**Task prompt**
Transcribe the listing below exactly, leaving out each image.

**Material provided**
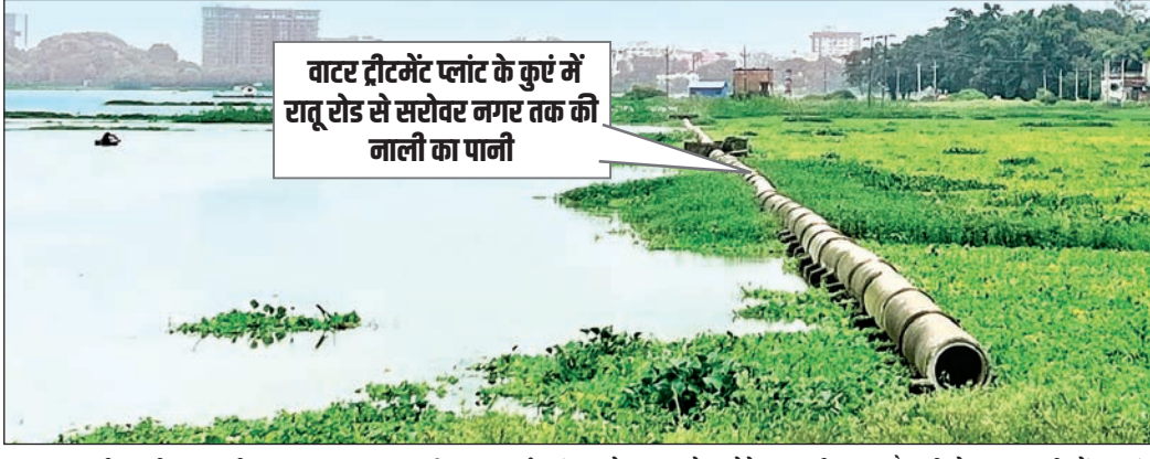
वाटर ट्रीटमेंट प्लांट के कुएं में रातू रोड से सरोवर नगर तक की नाली का पानी

सरोवर नगर के पास बन रहे सीवरेज वाटर ट्रीटमेंट प्लांट के कुएं में रातू रोड से सरोवर
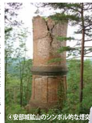
④安部城鉱山のシンボリックな煙突

す。よく見ると大滝の上流と下流で岩石が変わっています。岩の硬さが滝を作ったのです。 ④安部城鉱山は大正期に繁栄した鉱山ですが、深刻な鉱害も。当時は辺り一面、草木一本も生えないほど、自然が破壊されましたが、住民の努力により、豊かな森が復活しました。
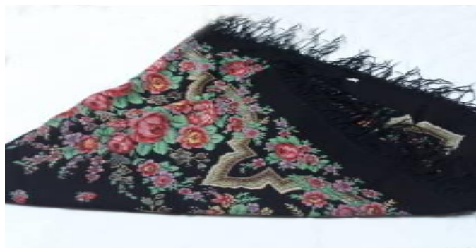
عکس ۳-۴. چارقُد، روسری. ۱

– چارقُد، روسری (Carqad): این سرپند دستمالی گاه با زمینه مشکی و یا به رنگ‌های دیگر با نقش‌های درشت به رنگ زرد و نارنجی بود که بر روی آن، روسری بزرگ‌تری تقریباً به اندازه نصف چادر با ریشه‌های بلند و نقش‌هایی از گل‌های رنگین استفاده می‌کردند (سلوکی، ۱۳۸۵: ۲۶؛ رنج‌دوست، ۱۳۸۷: ۲۶۰؛ یوری، ۱۳۸۹: ۹۰). رنگ‌های به‌کاررفته همچون رنگ قرمز و زرد که رنگ زرد از رنگ‌های نورانی است که کنایه از آرامش، اتحاد، انرژی، خورشید، برداشت محصول، طلوع و خوشحالی است (گرترو، ۱۳۹۵: ۷۳۵) زنان ترکمن هنگام عروسی و یا هنگام رفتن به بیرون از خانه، علاوه بر یالتی و آلدانگی، از شالی بزرگ (چارقت)، روسری‌ها و سراندازهای بزرگ استفاده می‌کردند که در گذشته از جنس ابریشم بود؛ ولی امروزه به‌جای آن از چیت گل‌دار با ریشه‌های بلند مکرومه‌دوزی شده استفاده می‌شود (رنج‌دوست، ۱۳۸۷: ۲۶۲). چارقدهای ترکمنی در قواره‌های بزرگ و با طرح‌های متنوع، کاملاً جلب توجه می‌کند و زیبایی خاصی به زنان ترکمن می‌بخشد (عکس ۳-۴).
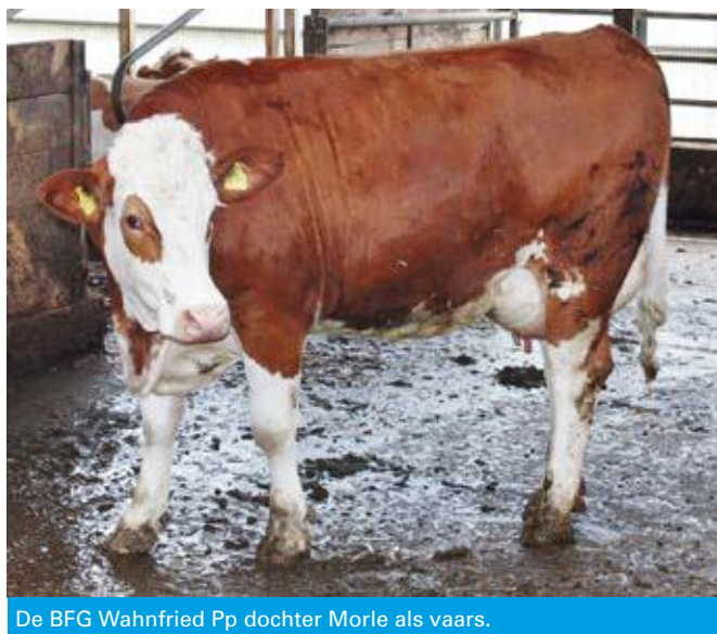
De BFG Wahnfried Pp dochter Morle als vaars.
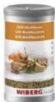
GRILL MEDITERRANEO WIBERG
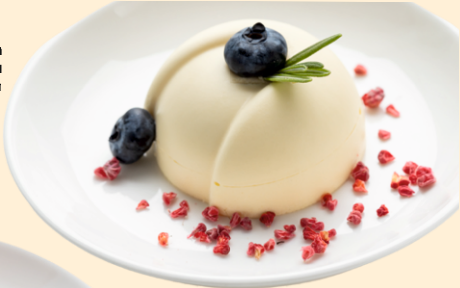
Панна котта мандариновая Panna Cotta mandarin
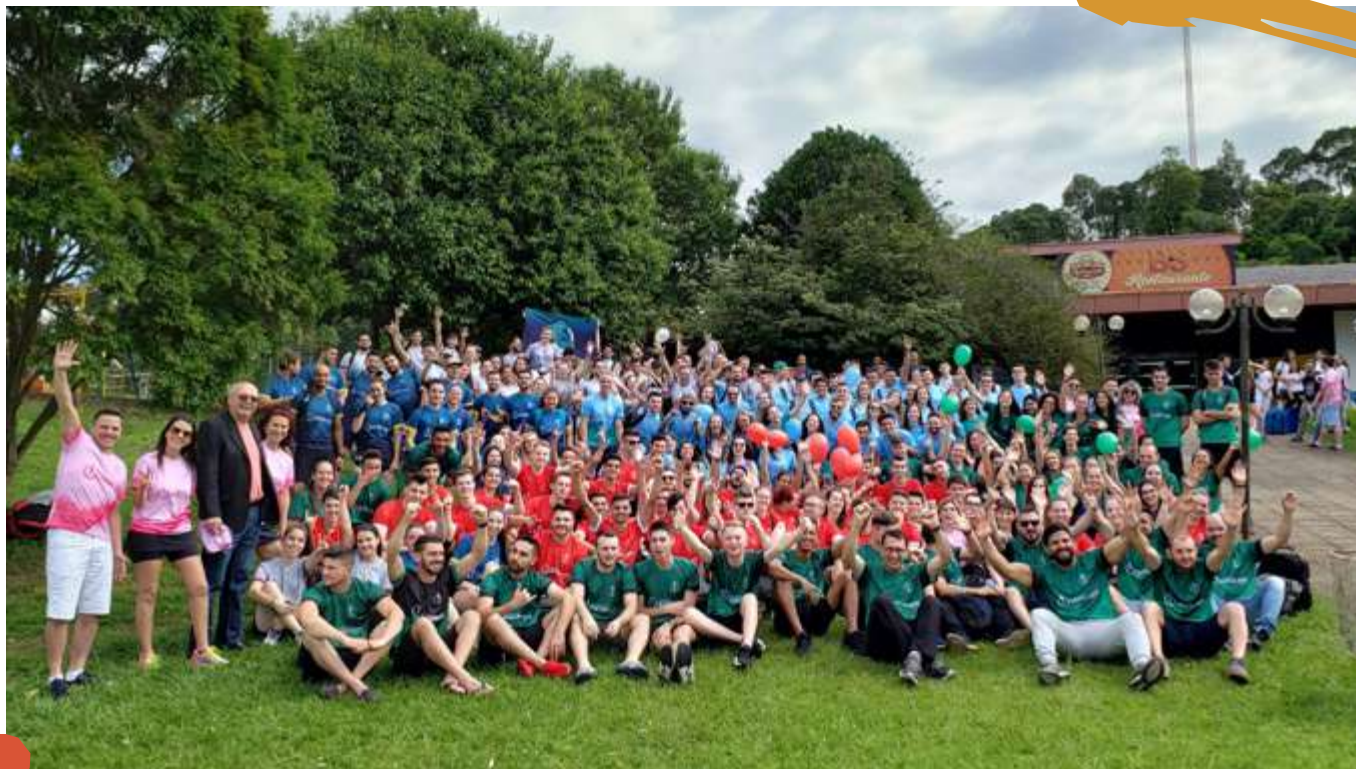
2019 – 2º Jogos Intercampi, Joaçaba, SC.

**Response**
वाटर ट्रीटमेंट प्लांट के कुएं में रातू रोड से सरोवर नगर तक की नाली का पानी

सरोवर नगर के पास बन रहे सीवरेज वाटर ट्रीटमेंट प्लांट के कुएं में रातू रोड से सरोवर
④安部城鉱山のシンボリックな煙突

す。よく見ると大滝の上流と下流で岩石が変わっています。岩の硬さが滝を作ったのです。 ④安部城鉱山は大正期に繁栄した鉱山ですが、深刻な鉱害も。当時は辺り一面、草木一本も生えないほど、自然が破壊されましたが、住民の努力により、豊かな森が復活しました。
عکس ۳-۴. چارقُد، روسری. ۱

– چارقُد، روسری (Carqad): این سرپند دستمالی گاه با زمینه مشکی و یا به رنگ‌های دیگر با نقش‌های درشت به رنگ زرد و نارنجی بود که بر روی آن، روسری بزرگ‌تری تقریباً به اندازه نصف چادر با ریشه‌های بلند و نقش‌هایی از گل‌های رنگین استفاده می‌کردند (سلوکی، ۱۳۸۵: ۲۶؛ رنج‌دوست، ۱۳۸۷: ۲۶۰؛ یوری، ۱۳۸۹: ۹۰). رنگ‌های به‌کاررفته همچون رنگ قرمز و زرد که رنگ زرد از رنگ‌های نورانی است که کنایه از آرامش، اتحاد، انرژی، خورشید، برداشت محصول، طلوع و خوشحالی است (گرترو، ۱۳۹۵: ۷۳۵) زنان ترکمن هنگام عروسی و یا هنگام رفتن به بیرون از خانه، علاوه بر یالتی و آلدانگی، از شالی بزرگ (چارقت)، روسری‌ها و سراندازهای بزرگ استفاده می‌کردند که در گذشته از جنس ابریشم بود؛ ولی امروزه به‌جای آن از چیت گل‌دار با ریشه‌های بلند مکرومه‌دوزی شده استفاده می‌شود (رنج‌دوست، ۱۳۸۷: ۲۶۲). چارقدهای ترکمنی در قواره‌های بزرگ و با طرح‌های متنوع، کاملاً جلب توجه می‌کند و زیبایی خاصی به زنان ترکمن می‌بخشد (عکس ۳-۴).
De BFG Wahnfried Pp dochter Morle als vaars.
GRILL MEDITERRANEO WIBERG
Панна котта мандариновая Panna Cotta mandarin
2019 – 2º Jogos Intercampi, Joaçaba, SC.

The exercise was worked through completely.